Ed Dept. Calls For Background Checks, Trainings To Identify Sexual Predators
The Indiana Department of Education wants schools to background check all staff, including volunteers and coaches, in hopes of addressing growing concerns over sexual misconduct in Indiana schools.
“The Department is expanding the services it provides to local schools and law enforcements,” said state superintendent Glenda Ritz, in a statement. “We will be working with the Legislature to strengthen Indiana’s law in the upcoming legislative session.”
The department’s plan wouldn’t require background checks for people beyond licensed educators, but it would provide a discounted rate for schools to get services from certain background check providers. The department says this would encourage schools to screen other adults that come in contact with children, too.
“As a lifelong educator, I know that keeping our children safe and healthy is a responsibility that our schools take very seriously,” said Ritz, in the statement.
Whether we like to acknowledge it or not, there’s an ongoing problem in Indiana: incidents of school staff sexually abusing or soliciting sex from children.
It’s an issue the Legislature has been studying all summer. It’s a story that’s been all over the news like this and this and this and this. A recent USA Today investigation gave Indiana an “F” rating on a national scorecard for how states screen teachers, citing holes in the state’s screening system.

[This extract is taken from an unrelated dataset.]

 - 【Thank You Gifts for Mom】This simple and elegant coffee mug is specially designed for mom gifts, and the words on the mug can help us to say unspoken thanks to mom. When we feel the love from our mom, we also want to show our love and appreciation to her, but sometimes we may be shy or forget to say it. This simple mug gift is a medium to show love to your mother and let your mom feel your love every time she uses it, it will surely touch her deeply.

Currently, state law only requires that districts background check fully licensed school personnel as they are being hired. Screening procedures for other people that come into contact with children, like volunteers and coaches, are left up to local districts.
Under the department’s plan, school personnel would also have the option of receiving enhanced training to identify behaviors of potential sexual predators. And the department would continue providing schools access to a state-run school safety training program.

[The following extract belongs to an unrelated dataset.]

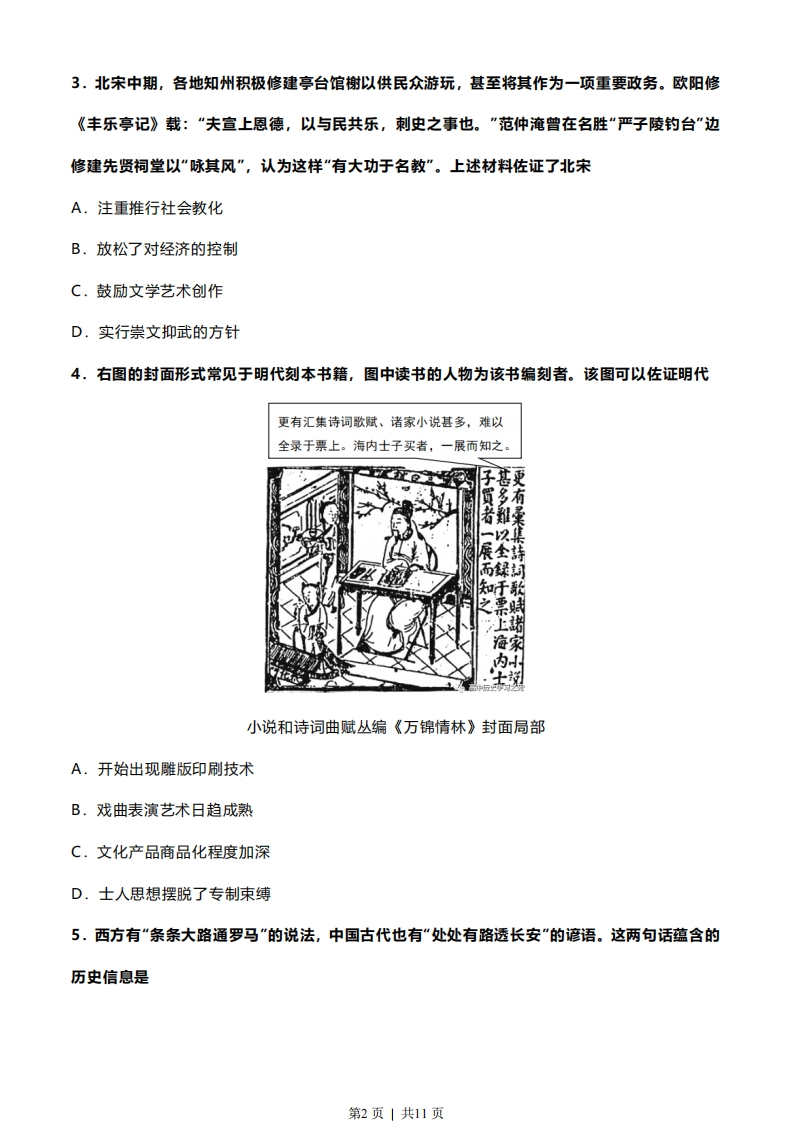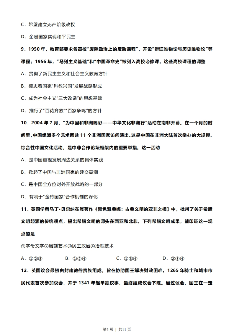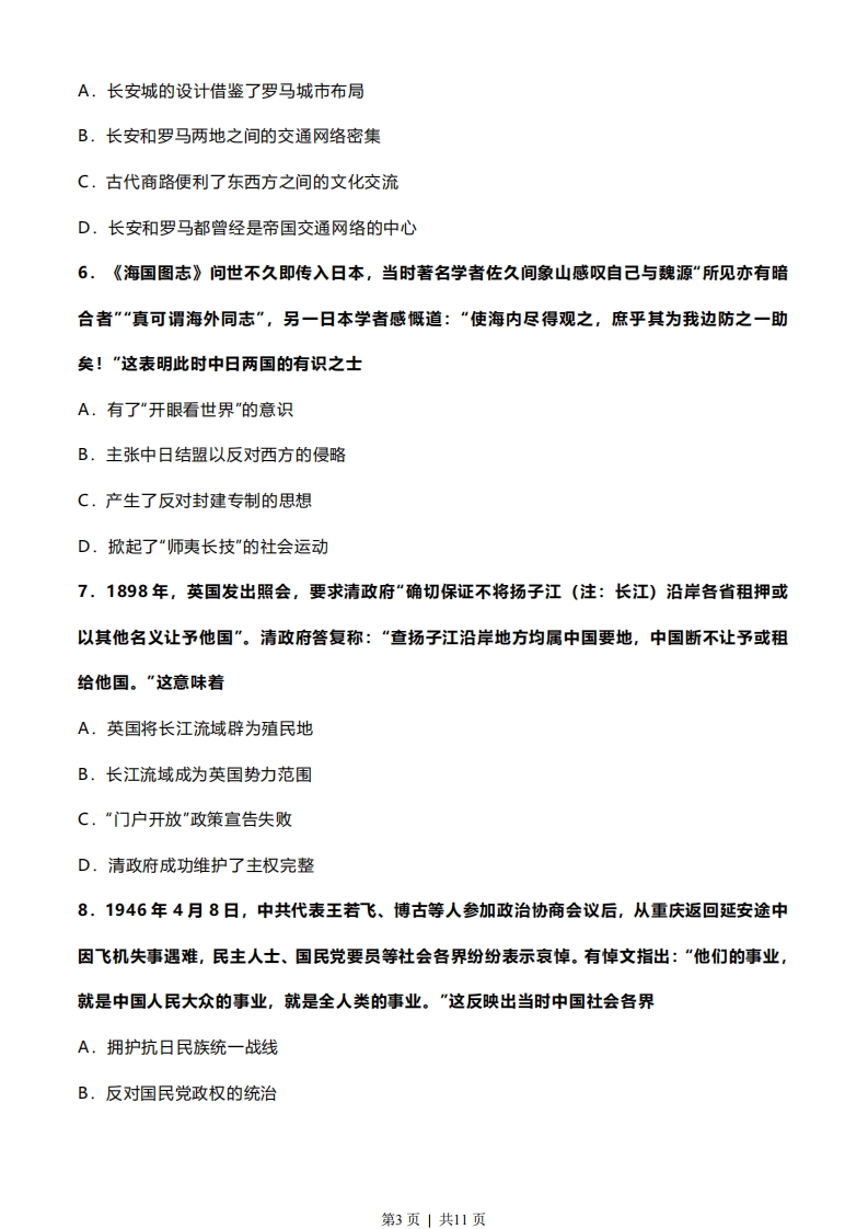 2022年普通高中学业水平等级性考试(北京卷)历史本试卷共9页,100分。考试时长90分钟。考生务必将答案答在答题卡上,在试卷上作答无效。考试结束后,将本试卷和答题卡一并交回。第一部分本部分共15题,每题3分,共45分。在每题列出的四个选项中,选出最符合题目要求的一项。1.近年,考古工作者在江西国字山发现了战国中期的大型墓葬。该墓葬具有突出的越文化特征,同时又有楚文化和江准文化等文化因素,墓葬形制也与中原墓葬有相似之处。此考古发现A.印证了“春秋五霸“的政治格局B.反映了中华文明多元一体的特点C.证明中原率先成为中华文明核心D.说明了统一多民族国家已经建立2.汉代某地区“地广人稀”,到南北朝时期逐渐发展为“民多田少”。这一地区位于右侧示意图中的②1洛阳建康图例河流名④0线市A.①B.②C.③D.④第1页」共11页

Department of Education officials also say they will propose a change to state law that would streamline the process for revoking an educator’s license, after being convicted of a crime involving sexual misconduct.

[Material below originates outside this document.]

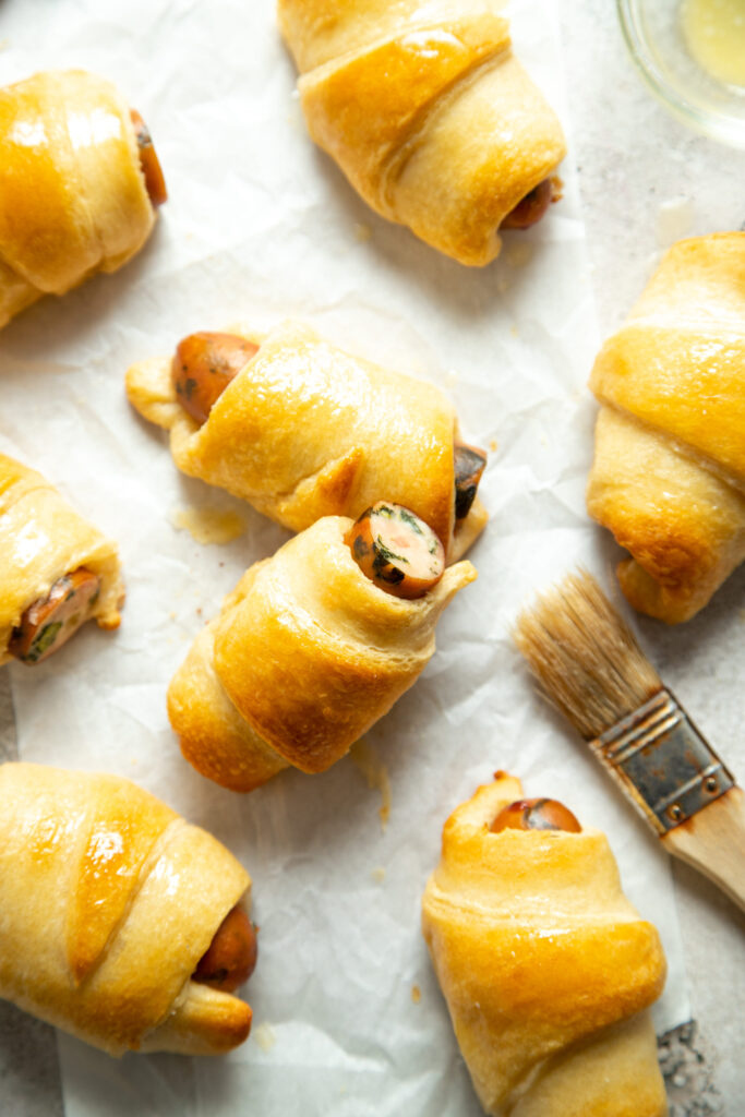 Roll the dough tightly around the sausage, tucking in the ends to seal in the filling. Repeat with the remaining dough triangles and sausages.

State education officials want judges to be able to revoke an educator license upon convicting a person of a crime. Currently, revocations occur through a separate administrative hearing that happens after an educator is convicted of an offense.
At an August legislative study committee, department officials said prosecutors often neglect to notify the department when school staff are involved in sexual misconduct cases. That notification is required by law.